Children: N/A, Not known too
EMPLOYMENT HISTORY
Work History: Various shifts as Security Guard, Fry's electronics trainee, Orange Coast College (dishwasher) , Disneyland
Academic Positions: Sadly, none
Research and Training: Facebooking
EDUCATION
High School: Garden Grove High School
University/College: Orange Coast College, Costa Mesa
Graduate School: N/A
Post-Doctoral Training: N/A
PROFESSIONAL QUALIFICATIONS
Certifications and Accreditations
Computer Skills: Facebook, Myspace, Internet
AWARDS
None
PUBLICATIONS
- Cricket and the Art of Memory (Espncricinfo)
- James Southerton: An Immortal Inspiration (Espncricinfo)
PROFESSIONAL MEMBERSHIPS
American Philately Club
INTERESTS
Almost anything imaginable
Area of Expertise
Wicket on will.
Personal Skills
- Egoistical not team player
- Likes Cricket
- Fame hungry
- Attention whore
References: Dr Zunaid Kazi, [Insert Signature]
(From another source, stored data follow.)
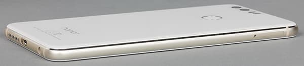 Смартфон получил две прозрачные стеклянные 2.5D-панели Gorilla Glass со сглаженными краями на обе стороны корпуса, а по боковому периметру пущен металлический сильно закругленный ободок. Таким образом, ни прямых углов, ни острых граней тут не найти, корпус Honor 8 абсолютно обтекаем и весьма приятен для удержания в руке.
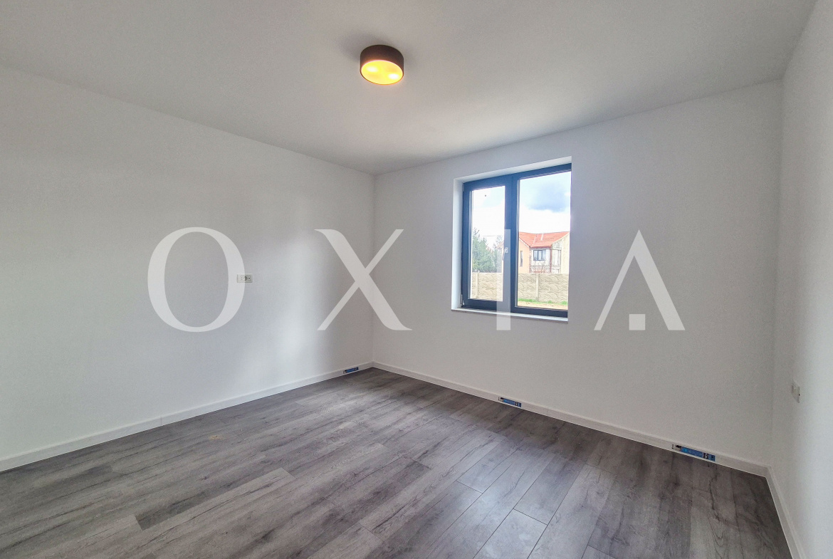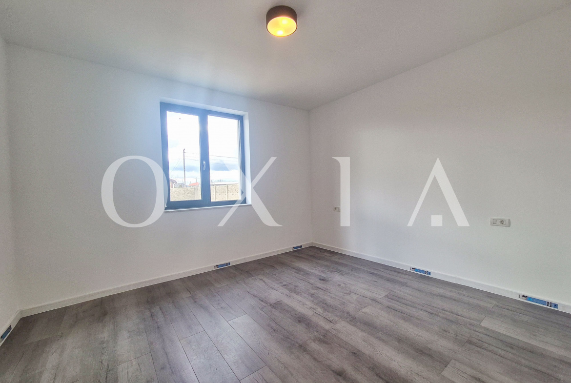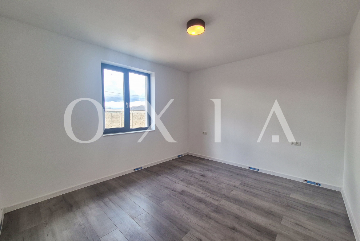 Proprietatea se vinde finisata la cheie, cu ferestre tripan cu bagheta calda, glafuri din granit la interior si exterior, usi interioare PortaDoors, usa de intrare PVC, placi de gresie si faianta, parchet laminat si vopsea lavabila.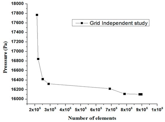 Furthermore, the mesh was refined by adding the inflation layers across the interface between the fluid and structural domains to obtain more precise results in areas near the artery walls. An independent grid study was also performed, as described in Figure 5. The simulations were started while considering 213,195 elements, these grids were then successively increased until the independence was achieved at 884,725 elements. The pressure value stabilized beyond the chosen grid.
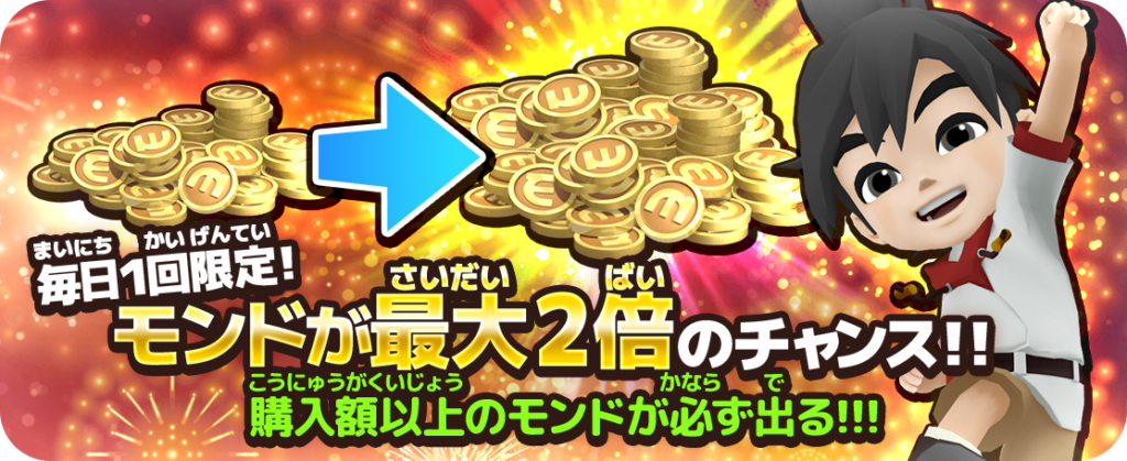 デイリーミッション報酬モンド2倍キャンペーンも現在開催中です。

Philosophy and other personal comments:
As Dr Jekyll
I believe in the power of wicket on demand. Envisage, a cricket ball hitting you at knots, which got power to destroy you physically and cause instant death. I have personally been influenced heavily by Waqar-Wasim-Javed and Lillee's school to cause scourge of God and fear instilled when I run upto the crease. All I need is once chance, just once chance and I guarantee while I cannot guarantee it would be a maiden over without wides, but you WILL get a wicket. I ball to kill. I am an assassin. I have assassin's mentality. To an en expert a cricket ball is not a ball but a weapon of choice. Toe crushers, yorkers, reverses, beamers I do it all and I can make one utter japmala haplessly as I see myself break wickets from short-run up generating medium pace. My grip is normal, rather loosey-goosey with wristy action to generate swing, and I usually consider myself as a discus thrower rather than a cricketer who wants to get the crystal skull of glass jaw of the victim batsman. Yeaaah, whuzzzz up...
As Mr. Hyde
Not sure if Vasari or who said it that polymath Renaissance Man Leon Batista Alberti could throw cards at the ceiling a trick copied by Las Vegas magician to cut a water melon like a ninjutsu's shuriken. Thing is a cricket ball is a projectile and it can kill. Yes, and that is why I fear Herr Doktor. Even if I am wearing guard and batting, the shock generated by a heinous scumbag hell bent on hitting my nuts can kill. Yes, I don't like batting. Batting is my greatest fear; I have battophobia. Yes, this is what fast bowlers like Steyn, Lee, Malinga, Akram, Ambrose instills in you. F-E-A-R.
Yes, holistically through my dichotomous behavior I can mange a vicious fast bowler. I have good control of my line and length and I come from the street with uncanny ability to pin-point any location on pitch to land my ball. My greatest fear to face ball is my greatest asset to summon that fear as a bowler. Finally, as Ian would have it:
Just a posting from an interview I heard when the GB Olympics team came back from Beijing with more Gold medals than ever. There was a radio interview with the Performance Director of the squad. He was asked: "How did GB win so many medals in the rowing?"
His reply was beautiful. And for me, it sums up what professional sport is all about.
He said: "We took the guys into a training camp and worked out the most efficient way of the rowing the boat. It took us a couple of days hooked up to machines to show us what muscles did what job and what seat angle and body angle helped generate the best force on the oars. Once we found what it was, we trained the whole crew for days and months on making this as close to perfect as possible. We went out on the practice lake and did this over and over and over until it became like clockwork. They could almost row in their sleep. We only allowed them to do what they would need in the race, no more, no less.
"In the final of the Olympics, the gun went off and the crew just did what they had practiced in training. 1,000, 2,000 3,000 strokes. Only focused on the movement, only thinking of what they were doing. One stroke at a time.. one perfect movement at a time. And when they looked up, they had won the Gold medal.
"The secret of winning the race was not to focus on that, but to concentrate on rowing the boat. Once the whole team did their job the outcome was inevitable. Nothing was left to chance. There could not have been any other result.
"This is how we coach and train athletes. We teach them that if they master the processes, then the outcome will take care of itself. That's why we won so many Gold medals."
I really couldn't say this any better myself
That's how I treat a ball, one ball at a time. And if my life depended on to ball a single ball in a single over, I would make sure it's a shot worth it.